4^4 = 256, 6^6 = 46656. So the only way 21a can be 4-digit is R=5

31a => E! <1000 => E<7; 17d = 2^E(5 – 1 + M + I +2) – 1.  If E were 4, that would be at most 2^4(6 + 18 + 19) < 1000, so E > 4 => E = 6

I > G.  WAN = 3WN is at most 3*18*19 < 3*20*20 = 1200.  If I were 9 or bigger, A^I would be at least 19683, and 4d would be 5 digits; thus 19683 I=8, G=4, 21a=3-19-8

8d is a palindrome divisible by G=4 with one cell being 2-digit => 8d = 2112 or 6116.   8d = 4L(OB + U – L – 6) > 4*9(9*9 + 9) = 3240 => 8d = 6116 (either 6-11-6 or 6-1-16)
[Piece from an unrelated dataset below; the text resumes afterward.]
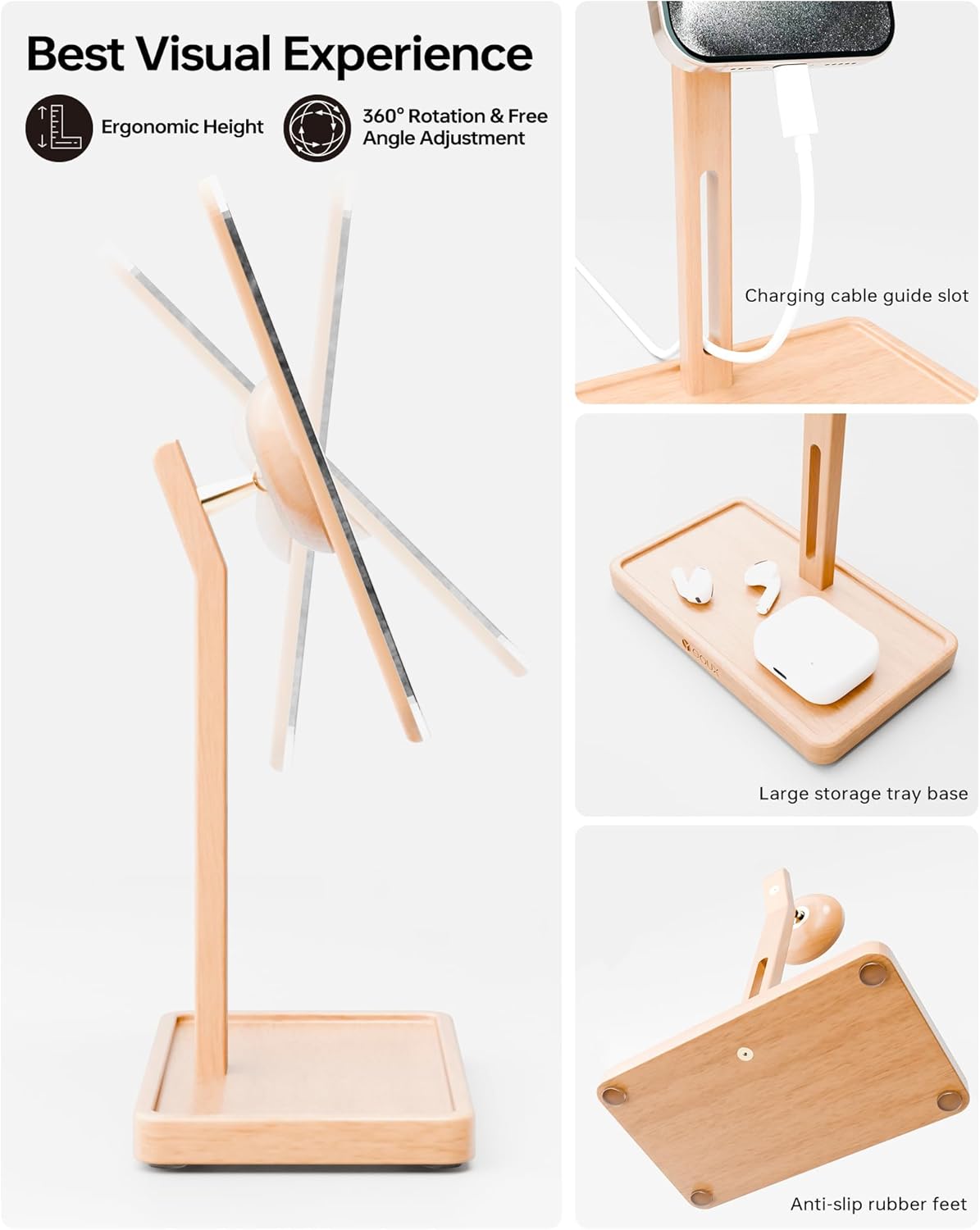 - FULL 360° ADJUSTABLE VIEWING ANGLES | Customize your setup with one-hand 360° rotation . The engineered metal ball joint allows you to smoothly position your phone for the perfect angle for FaceTime, streaming, or look in the mirror. The ergonomic design ensures a perfect view, reducing neck and eye strain.
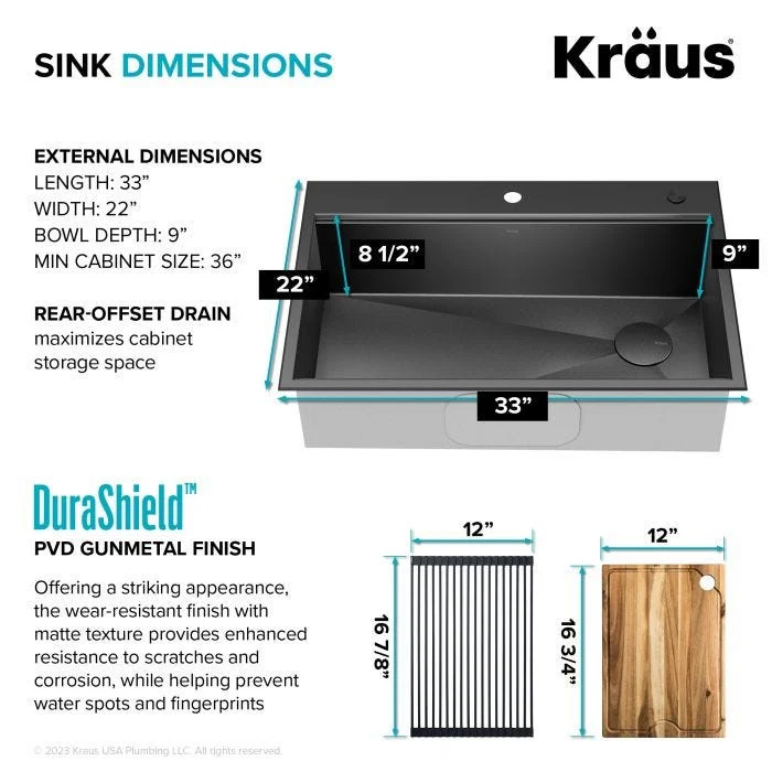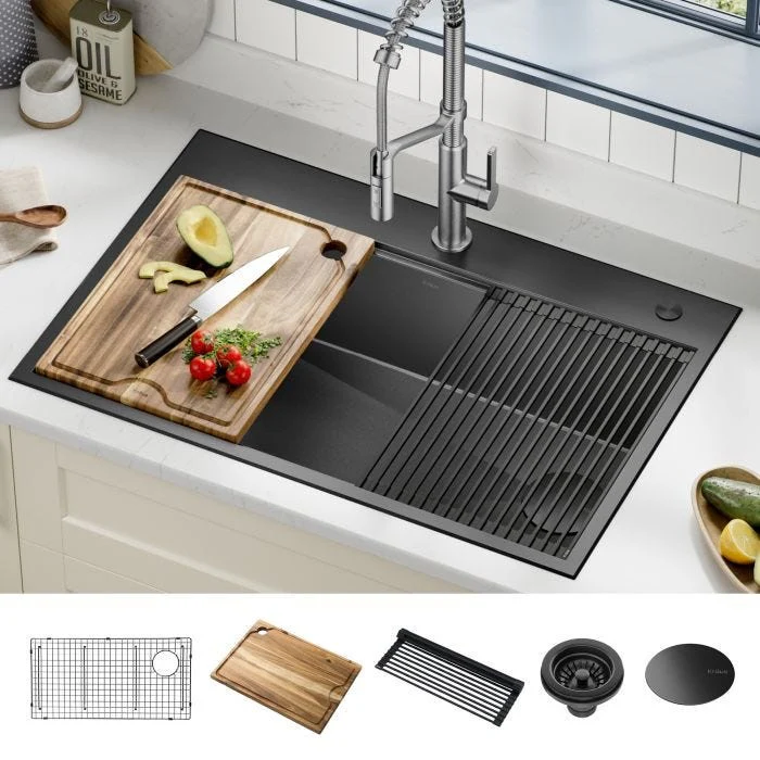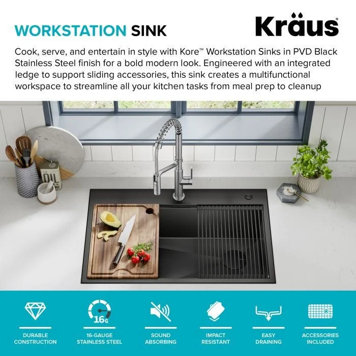 ¡Descubre el fregadero perfecto para tu cocina! El Fregadero WORKSTATION Sencillo Kraus KWT310-33/PGM combina un diseño elegante con funcionalidad superior. Con su impresionante terminación GunMetal en acero inoxidable 304 de calibre 16, este fregadero no solo es resistente y duradero, sino que también es una opción ecológica que minimiza el impacto ambiental.

So L divides 6116/4 = 1539 => L = 11

34a = 8N^2 + 5 < 1000 =>8N^2 < 995 => N^2 < 122 =< N < 12.  L=11. So N=9 or 10.  If N=10, 34a = 805  and there are no cells with 0.  So N=9, 34a = 6-5-3, 14a=5-15-1

32a = COOL – S = 22*O^2-1 is 4-digit beginning with 4 => 4000 < 22*O^2 < 5000 => 181 < O^2 < 227 => O = 14 or 15.  If O=15, 32a=4949 which cannot be entered as 3 cells.  O=14, 32a=4-3-11, 26d=18-5-6, 7a=19-6-5

7d = 53*M^2 is 5-digit starting with 19 => 358<M^2<377 => M=19, 7d=19-1-3-3, 4a=6-9-16, 35a=4-3-8-9, 9d=5-13-1, 11d=2-5-19, 27d=19-8-3

22d = 2*B^3-7 = 19_3 from the crossing entries => B^3 <= 1000 => B=10, 22d=19-9-3, 10a=8-2-3, 18a=18-8-9-4, 25a=7-3-18, 1d=8-8-14-6, 3d=7-11-1-18

8d=6116 from above means that U=16, 13a=1-1-13 (which resolves 8d=6-1-16), 16a=6-19-3, 24d=1-1-11, 5d=9-5-6-9, 6d=16-14-2

From crossings, 15a=2-3-16 => V=17, 17d=3-3-3-17, 19d=8-6-7-5, 23d=8-1-11-9

28a = 9*(3K + 17) = _39 from crossings so must 639 =>K=18, 28a=6-3-9

30a =W^2 +4 = 1_3 from crossings => W^2 = 1_9 => W=13, 30a = 1-7-3, 20d=4-6-9-4. 4d=6-2-10

That leaves D=15 with the clues using D confirmed by the full grid.